Judges believe family
drug court may break
vicious cycle of abuse

By Lori Tighe
Star-Bulletin

Tapa

Hawaii judges have watched the link strengthen between drug abuse and child abuse.

In the past 10 years, child abuse cases have doubled in Family Court. About 90 percent involve substance abuse, with crystal methamphetamine or "ice" as the drug of choice.

But no extra judges have been added to handle the growing load.

Frustrated with the unending drug/child abuse cycle, judges are trying a new approach -- family drug court.

"We needed to do something else to be successful," said Judge Bode Uale, who shepherds the program. "We heard about the successes of Hawaii's drug court, and we saw other family drug court programs around the country that worked. We wanted to give it a shot."

The program targets child-abusing parents who are known to use drugs and/or alcohol but don't have a record. Parents will be chosen based on their willingness to seek treatment.

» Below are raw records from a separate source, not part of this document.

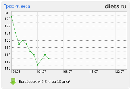 ...после того как на диете лепестков в последний день вес стремительно ушел, он так же вернулся на следующий день, не весь конечно, но 118,0 на весах я увидела ( видимо точно баня+последний фруктовый лепесток много выгнали воду), немного конечно расстроилась, так как калории продолжаю считать, на сегодня у меня отвес -500. надеюсь к началу следующей недели, а я планирую с понедельника второй круг лепестков, сбросить еще хотя бы 500. Калории считаю, чувствую себя легче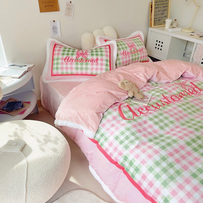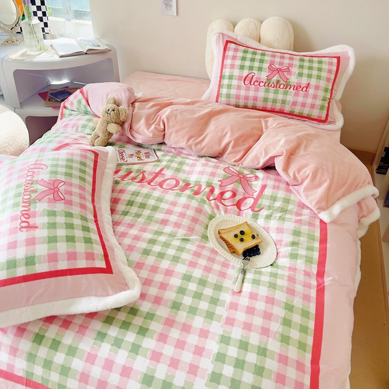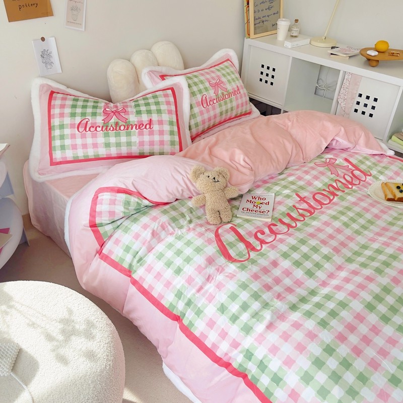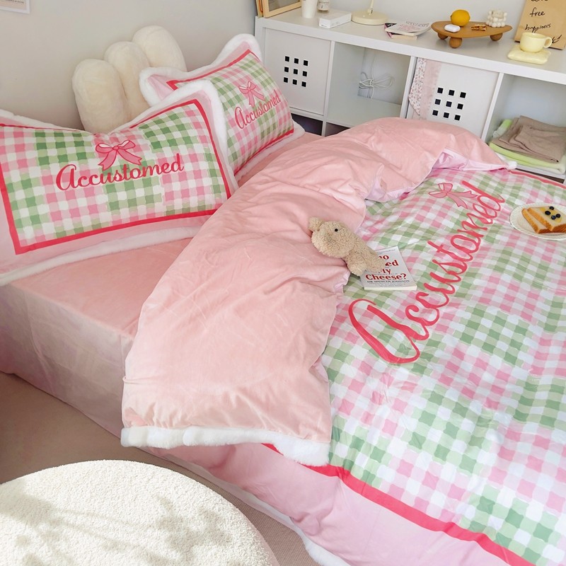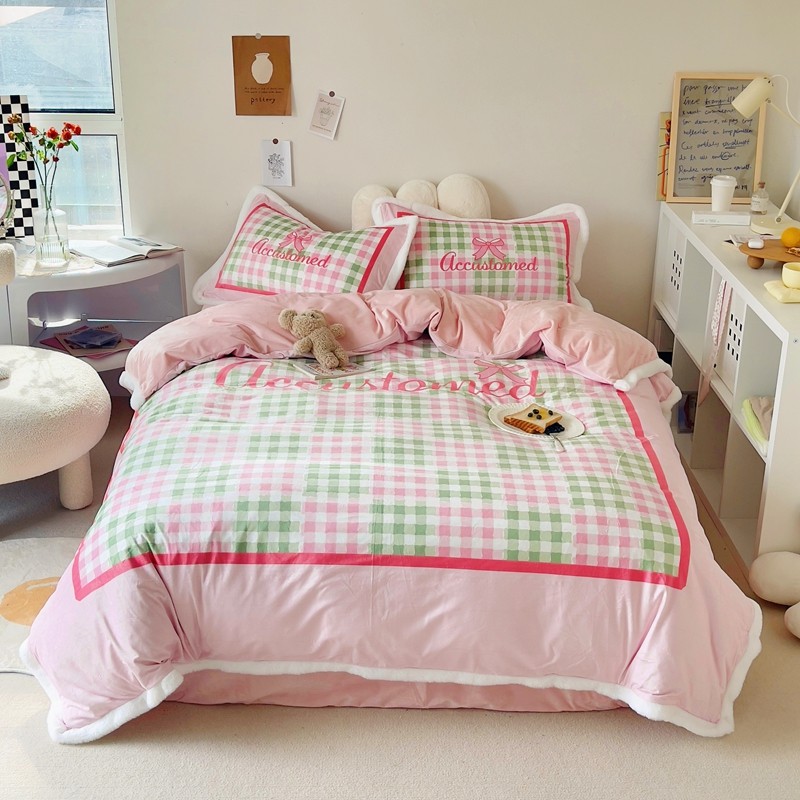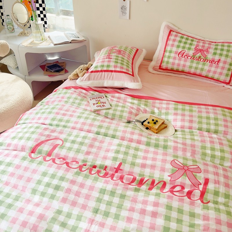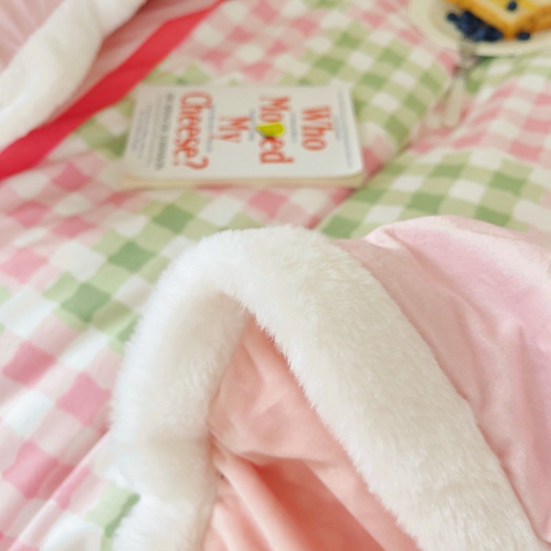 圆岛家纺 新款冬季数码印花高档婴儿绒兔兔绒四件套 奶油霓虹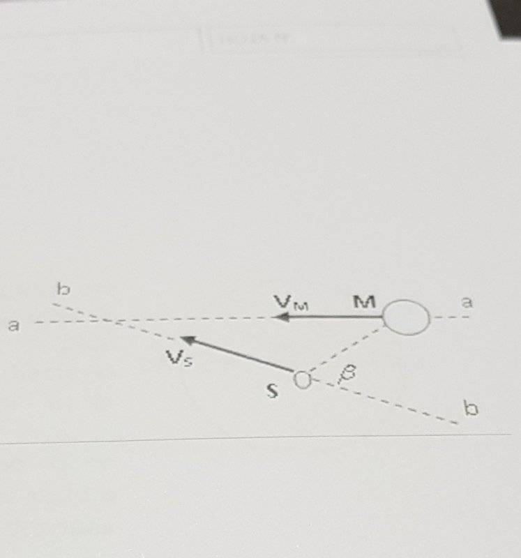 - The spaceship S approaches Mars following the trajectory ##b−b## with velocity ##19.3 km/s## with respect to the Sun. If Mars has a velocity ##24.1 km/s## along the trajectory ##a−a## with respect to the Sun and the angle between ##b-b## and ##a-a## is ##30°## determine the angle between ##SM## and ##b−b## such that a person inside the spaceship "sees" that Mars is moving towards him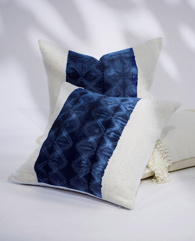 This handmade Shibori textile hails from Noida, India and is flanked with 100% natural cotton mud cloth from Mali, Africa – making for a worldly addition to your space. Originating in Japan, this design style comes from one of six resist-dying techniques. 'Itajime Shibori’ is the style we opted for in this kit, which is created by folding organic cotton cloth accordion-style and dyeing the edges to create a triangle-like pattern. The Shibori Duo styles beautifully in front of the Baoulé Trio while the Magu lumbar effortlessly tops off this tailor-made pillow arrangement.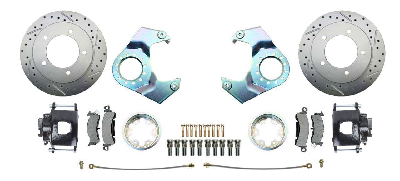 - DBK5EDF-LXB- DANA 30, 44, 25, 27 Axle Front Disc Brake Conversion Kit & Drilled/ Slotted Rotors Black Calipers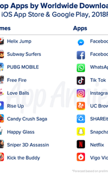 Vuoden 2018 aikana sovelluksia ladattiin yhteensä 113 miljardia kertaa ja rahaa niihin käytettiin yli 65 miljardia euroa. Latausmäärät kasvoivat kymmenellä prosentilla edellisvuoteen nähden kulutuksen noustessa peräti 20 prosenttia. Katsauksessa on huomioitu sekä Applen App Store että Googlen Play -kauppa, joiden lataukset on laskettu yhteen. Katsaus huomioi lataukset tammikuun alusta 15. joulukuuta asti.

The incentive to parents: They get their kids back sooner. The incentive to judges: They stop the revolving door of drug and child abuse.

The $60,000 pilot program will pay for a court officer with social worker credentials to monitor parents' treatment and to report progress -- or relapse -- to Uale. Parents take regular drug tests and appear weekly or biweekly before the judge.

"We can feel the pulse of the case immediately," Uale said. "Months don't go by to find out parents have relapsed."

Judges blame the doubled caseload of child abuse on drugs.

"Drugs are our biggest problem, and ice is the scourge of our communities," Uale said. "We see it day in and day out. Drugs just exacerbate everything."

Family Court handled 952 child abuse cases in 1988. The amount doubled to 2,044 child abuse cases in 1997, Uale said. The courts don't keep statistics on parents' substance abuse. But Uale notes ice had just hit Hawaii in the late 1980s and has grown throughout the 1990s.

The dangerous thirst for ice

Parents will risk all for ice, said Judge John Bryant, head of Family Court's juvenile division.

"It's the worst drug for parents to be on. It's extremely addictive and causes violent tendencies," he said. "And the evidence seems to indicate long-term use of crystal meth causes brain damage."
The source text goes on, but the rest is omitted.